Senior Vice President/Community Development

Greater Columbia Chamber of Commerce

A strong urban core makes for a strong region. When the core is strong, especially economically, everything pushes outward, and downtown Columbia is a strong urban core that is getting even stronger.

For those who say why can’t Columbia be more like Greenville, I’m going to suggest that it may not be too long before Greenville wants to be more like Columbia. And if you don’t believe that, I’m also going to suggest that you come downtown and just open your eyes.

Downtown Columbia, South Carolina’s Main Street, has a buzz unlike anything seen in decades. Don’t try to get a table at the Oak Table, the new restaurant in the Tower at Main & Gervais, without a reservation. And that’s for lunch.

Much of the credit for the reinvigoration of downtown goes to the collaborative efforts of organizations such as the City Center Partnership, whose Yellow-Shirt Ambassadors have become a symbol of the new attitude about downtown Columbia. Downtown is now the place to be.

Consider these recent developments:

Agape Senior and Agape Hospice Inc., a major regional provider of senior health care services, announced a week ago that it will take several buildings in the 1600 block of Main Street and create a new headquarters, plus store-front retail associated with the senior market. About 100 jobs will be coming downtown as Agape consolidates its corporate operations. This continues a transformation begun by Mast General Store and the Nickelodeon Theatre on the other side of the street.

AgFirst Farm Credit Bank purchased the Bank of America Plaza at Main and Richland streets. When the bank moves its 380 employees, the tower will be fully occupied and the vacancy rate for Class “A” space downtown will drop to 8.7%, the lowest in 20 years, according to David Lockwood of Colliers International.

Late last month, Duck Creek Technologies, which was acquired by business-services giant Accenture, left the Carolina Research Park, and moved into 1441 Main St. That’s the Wells Fargo building in the heart of downtown. The company brought with it some 100 employees and an expectation that Accenture will continue to grow its Columbia presence.

AllSouth Federal Credit Union held a ground-breaking Nov. 14 for a 60,000 square foot headquarters at Elmwood Avenue and Gadsden Street. Just on the periphery of the central business district, the building will create a stunning visual gateway into the city off I-126. About 100 jobs will come downtown and another 12-15 are expected to be added.

Hotelier Rick Patel is renovating the First National Bank/Republic National Bank building at 1208 Washington St. into The Sheraton Convention Center. Patel transformed the Palmetto Building across the street, at 1400 Main St., into a boutique Sheraton hotel, boasting some of the city’s most spectacular downtown views from its roof-top bar.

Several other large downtown commercial projects are standing in the wings ready to be announced. But the buzz about our urban core is also about the quality of life and the people who have returned to Main Street.

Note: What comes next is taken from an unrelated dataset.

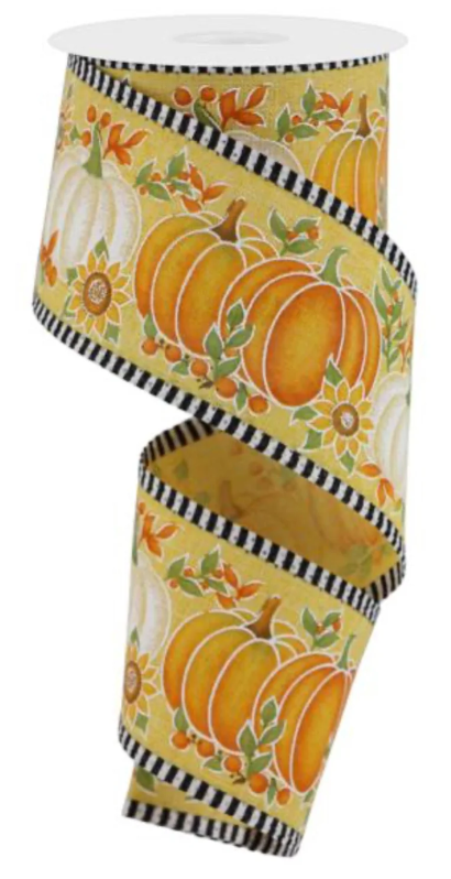 2.5" x 10yd Mustard Pumpkins with Stripe Border

People are living downtown and the demand for housing continues strong. The latest residential project is The Palms on Main. Developer Ben Arnold transformed the old Governor’s House Hotel at Main and Lady streets into a 54-unit urban apartment complex for young professionals. The Palms is now full as are all other apartments and condos in the central business district.

But more is on the way. When utility giant SCANA left downtown for a corporate complex in Cayce, the naysayers declared, prematurely, the death of downtown, as the company took about 900 jobs with it. For a while things were a bit rough as the economy took a nose dive. But we have more than replaced the jobs that SCANA took with it, and the empty building that once housed SCANA is set to become downtown’s newest residence as a plan progresses to transform it into housing for 800 students.

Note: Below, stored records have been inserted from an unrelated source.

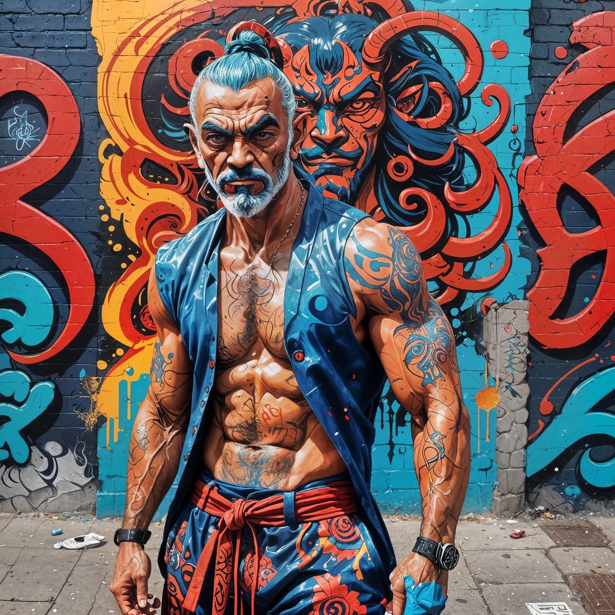 A colorful, highly detailed image of a muscular man, inspired by anime and street art styles, with vibrant blue and red colors, Arabian Nights-inspired clothing, and an ultra-realistic aesthetic.
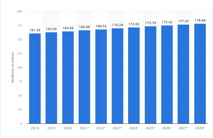 Bangladesh's total population is expected to grow by 8.4 million (+4.93 percent) between 2023 and 2028. According to this forecast, the total population will have increased for the fifth year in a row to 178.68 million people in 2028. Notably, the total population has been steadily increasing in recent years. (Aaron O’neil, Statista)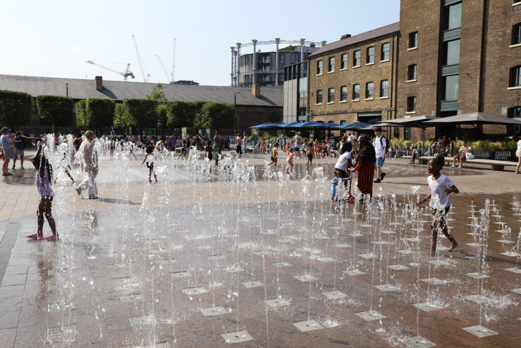 The Granary Square fountains at King’s Cross is open daily and features over a thousand jets that spout water and are illuminated with multicolor lights at night. The choreographed fountains jump and dance while visitors join in on the fun.

Other new downtown housing is also rumored to be coming. That will put an even greater mass of people downtown creating an even greater demand for goods and services and opening up even more business opportunities, joining several new small retailers that have already opened on Main Street.

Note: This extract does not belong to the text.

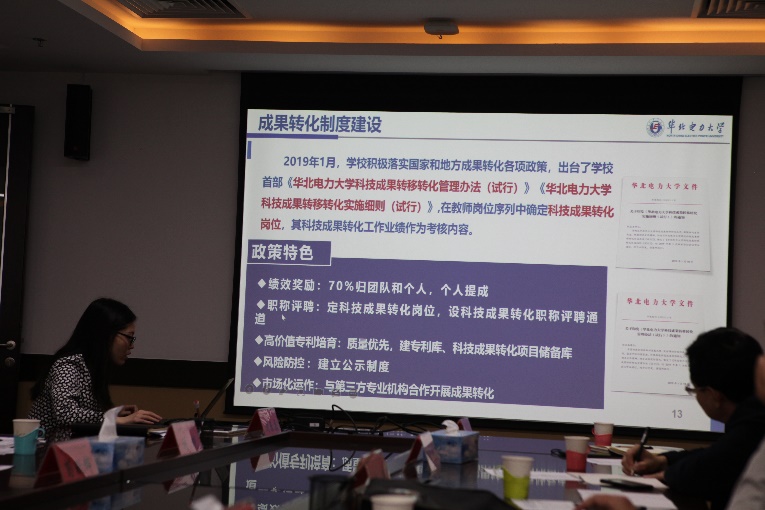 技术转移转化中心综合管理办公室主任刘晓介绍了华北电力大学成果转化制度建设、产学研合作、知识产权、技术合同登记等方面的基本情况和取得的成果。

Downtown continues to boast an array of amenities that will draw more and more people.

The latest draw is the seasonal ice rink that the city opened last week on Boyd Plaza in front of the Columbia Museum of Art. The rink is expected to remain up through the holidays.

Soda City, formerly the All-Local Farmers’ Market on Whaley, opened to great crowds on Saturday morning in the 1500 block of Main Street. Several Main Street merchants have altered their hours to take advantage and others are sure to follow.

Our urban core is strong and getting stronger, and that matters.